■ **What you are asked to do**
Write out each record below, word for word.

■ **Supplied data**
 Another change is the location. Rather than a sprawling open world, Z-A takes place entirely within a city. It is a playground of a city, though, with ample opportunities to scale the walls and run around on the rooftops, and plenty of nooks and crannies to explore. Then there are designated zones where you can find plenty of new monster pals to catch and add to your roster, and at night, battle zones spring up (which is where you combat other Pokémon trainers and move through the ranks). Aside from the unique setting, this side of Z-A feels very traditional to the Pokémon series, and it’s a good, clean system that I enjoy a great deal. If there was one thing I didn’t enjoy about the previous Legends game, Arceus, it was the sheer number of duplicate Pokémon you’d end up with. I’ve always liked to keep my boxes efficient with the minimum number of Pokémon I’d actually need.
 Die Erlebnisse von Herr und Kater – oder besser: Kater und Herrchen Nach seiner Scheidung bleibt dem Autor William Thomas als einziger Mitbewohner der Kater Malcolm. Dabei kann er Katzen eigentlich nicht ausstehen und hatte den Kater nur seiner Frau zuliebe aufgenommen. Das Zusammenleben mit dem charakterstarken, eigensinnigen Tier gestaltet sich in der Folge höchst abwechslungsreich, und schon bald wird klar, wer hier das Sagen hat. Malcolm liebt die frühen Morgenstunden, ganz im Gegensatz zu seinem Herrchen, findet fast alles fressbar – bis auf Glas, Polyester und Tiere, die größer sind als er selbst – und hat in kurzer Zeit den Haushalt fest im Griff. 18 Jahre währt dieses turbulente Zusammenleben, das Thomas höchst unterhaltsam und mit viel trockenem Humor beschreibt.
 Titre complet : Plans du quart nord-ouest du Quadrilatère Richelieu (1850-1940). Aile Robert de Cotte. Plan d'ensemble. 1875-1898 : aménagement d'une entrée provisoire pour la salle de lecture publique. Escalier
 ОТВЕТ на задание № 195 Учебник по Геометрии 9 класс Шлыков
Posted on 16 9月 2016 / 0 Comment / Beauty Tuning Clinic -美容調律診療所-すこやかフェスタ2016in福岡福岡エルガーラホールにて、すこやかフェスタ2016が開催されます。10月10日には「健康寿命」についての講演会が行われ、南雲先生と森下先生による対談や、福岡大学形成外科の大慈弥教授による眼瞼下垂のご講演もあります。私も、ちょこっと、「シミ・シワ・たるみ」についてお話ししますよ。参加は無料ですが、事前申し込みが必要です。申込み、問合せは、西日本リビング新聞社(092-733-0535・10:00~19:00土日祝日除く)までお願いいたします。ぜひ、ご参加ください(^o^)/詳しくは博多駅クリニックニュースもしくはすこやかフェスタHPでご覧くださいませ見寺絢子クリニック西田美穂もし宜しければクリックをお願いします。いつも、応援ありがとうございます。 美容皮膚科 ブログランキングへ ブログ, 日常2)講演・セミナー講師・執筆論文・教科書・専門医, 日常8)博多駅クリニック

■ **Expected answer**
 Another change is the location. Rather than a sprawling open world, Z-A takes place entirely within a city. It is a playground of a city, though, with ample opportunities to scale the walls and run around on the rooftops, and plenty of nooks and crannies to explore. Then there are designated zones where you can find plenty of new monster pals to catch and add to your roster, and at night, battle zones spring up (which is where you combat other Pokémon trainers and move through the ranks). Aside from the unique setting, this side of Z-A feels very traditional to the Pokémon series, and it’s a good, clean system that I enjoy a great deal. If there was one thing I didn’t enjoy about the previous Legends game, Arceus, it was the sheer number of duplicate Pokémon you’d end up with. I’ve always liked to keep my boxes efficient with the minimum number of Pokémon I’d actually need.
 Die Erlebnisse von Herr und Kater – oder besser: Kater und Herrchen Nach seiner Scheidung bleibt dem Autor William Thomas als einziger Mitbewohner der Kater Malcolm. Dabei kann er Katzen eigentlich nicht ausstehen und hatte den Kater nur seiner Frau zuliebe aufgenommen. Das Zusammenleben mit dem charakterstarken, eigensinnigen Tier gestaltet sich in der Folge höchst abwechslungsreich, und schon bald wird klar, wer hier das Sagen hat. Malcolm liebt die frühen Morgenstunden, ganz im Gegensatz zu seinem Herrchen, findet fast alles fressbar – bis auf Glas, Polyester und Tiere, die größer sind als er selbst – und hat in kurzer Zeit den Haushalt fest im Griff. 18 Jahre währt dieses turbulente Zusammenleben, das Thomas höchst unterhaltsam und mit viel trockenem Humor beschreibt.
 Titre complet : Plans du quart nord-ouest du Quadrilatère Richelieu (1850-1940). Aile Robert de Cotte. Plan d'ensemble. 1875-1898 : aménagement d'une entrée provisoire pour la salle de lecture publique. Escalier
 ОТВЕТ на задание № 195 Учебник по Геометрии 9 класс Шлыков
Posted on 16 9月 2016 / 0 Comment / Beauty Tuning Clinic -美容調律診療所-すこやかフェスタ2016in福岡福岡エルガーラホールにて、すこやかフェスタ2016が開催されます。10月10日には「健康寿命」についての講演会が行われ、南雲先生と森下先生による対談や、福岡大学形成外科の大慈弥教授による眼瞼下垂のご講演もあります。私も、ちょこっと、「シミ・シワ・たるみ」についてお話ししますよ。参加は無料ですが、事前申し込みが必要です。申込み、問合せは、西日本リビング新聞社(092-733-0535・10:00~19:00土日祝日除く)までお願いいたします。ぜひ、ご参加ください(^o^)/詳しくは博多駅クリニックニュースもしくはすこやかフェスタHPでご覧くださいませ見寺絢子クリニック西田美穂もし宜しければクリックをお願いします。いつも、応援ありがとうございます。 美容皮膚科 ブログランキングへ ブログ, 日常2)講演・セミナー講師・執筆論文・教科書・専門医, 日常8)博多駅クリニック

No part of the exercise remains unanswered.